Assim fizeram. Dedicaram o dia seguinte ao planejamento de ações agressivas e campanhas para os clientes. A

preocupação de Pereira era que Inácio tivesse reais condições de chegar aos objetivos de forma consistente e que isso

lhe possibilitasse flexibilidade de tempo, para que ele pudesse atender eventuais necessidades com sua família.

Passados dois meses, no entanto, mesmo com o acompanhamento à distância de Pereira, que conversava com

Inácio frequentemente sobre os negócios e propostas e, é claro, sobre a saúde do filho, os resultados ficaram abaixo do

previsto. Inácio acabou sendo demitido por Pereira, já que este não notou nenhuma melhora nas atitudes de funcionário

em relação ao trabalho e compromisso que haviam firmado.

O filho de Inácio faleceu seis meses após a demissão, sempre assistido pelo plano assistencial da empresa

(Pereira conseguiu que ele mantivesse o plano pelo período em que a criança necessitasse).

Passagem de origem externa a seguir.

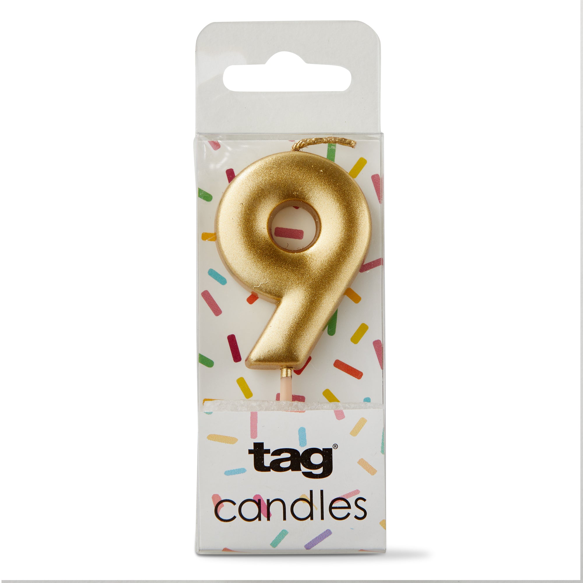 Metallic Digit 9 Candle in gold with cotton wick and plastic pick stand. Pair with other digits to mark ages and years on cakes and dessert boards. View all items in Celebration.

Passados dois anos, Pereira e Inácio se encontraram em uma visita desse à região. Durante a conversa, Inácio

agradeceu pela decisão de Pereira, pois ele pôde acompanhar os últimos meses de vida de seu filho estando sempre

presente. Pereira, sensibilizado, agradeceu as palavras de Inácio que lhe tiraram um pouco do peso da decisão mais

difícil que ele havia tomado em sua vida profissional.

QUESTÕES PARA DISCUSSÃO

1. Discuta a responsabilidade de Carlos ao repassar a decisão de análise de um vendedor com problema para uma nova

gerência que começava a atuar na região;

2. Se você estivesse no lugar de Pereira, como teria agido em relação à proposta inicial de Carlos de demitir

imediatamente o vendedor? Não teria Pereira errado ao assumir para si o risco dessa decisão, podendo alegar que a

escolha era de Carlos e que não cabia a ele discutir?

3. Qual seria sua decisão em relação ao vendedor Inácio?

4. Discuta o papel da empresa em relação ao caso apresentado: que ações poderiam ser adotadas?

5. Em relação aos métodos de acompanhamento de vendedores, adotados pela empresa e seu sistema de avaliação de

performance, você acredita que ele foi insuficiente para possibilitar um acompanhamento mais adequado do vendedor e

dos gestores? Que alterações tu proporias?

6. Analise a situação de Inácio em relação à empresa e à forma como ele conduziu este caso.

7. Discuta a atuação de Silas que omitiu em seus relatórios a situação do vendedor Inácio.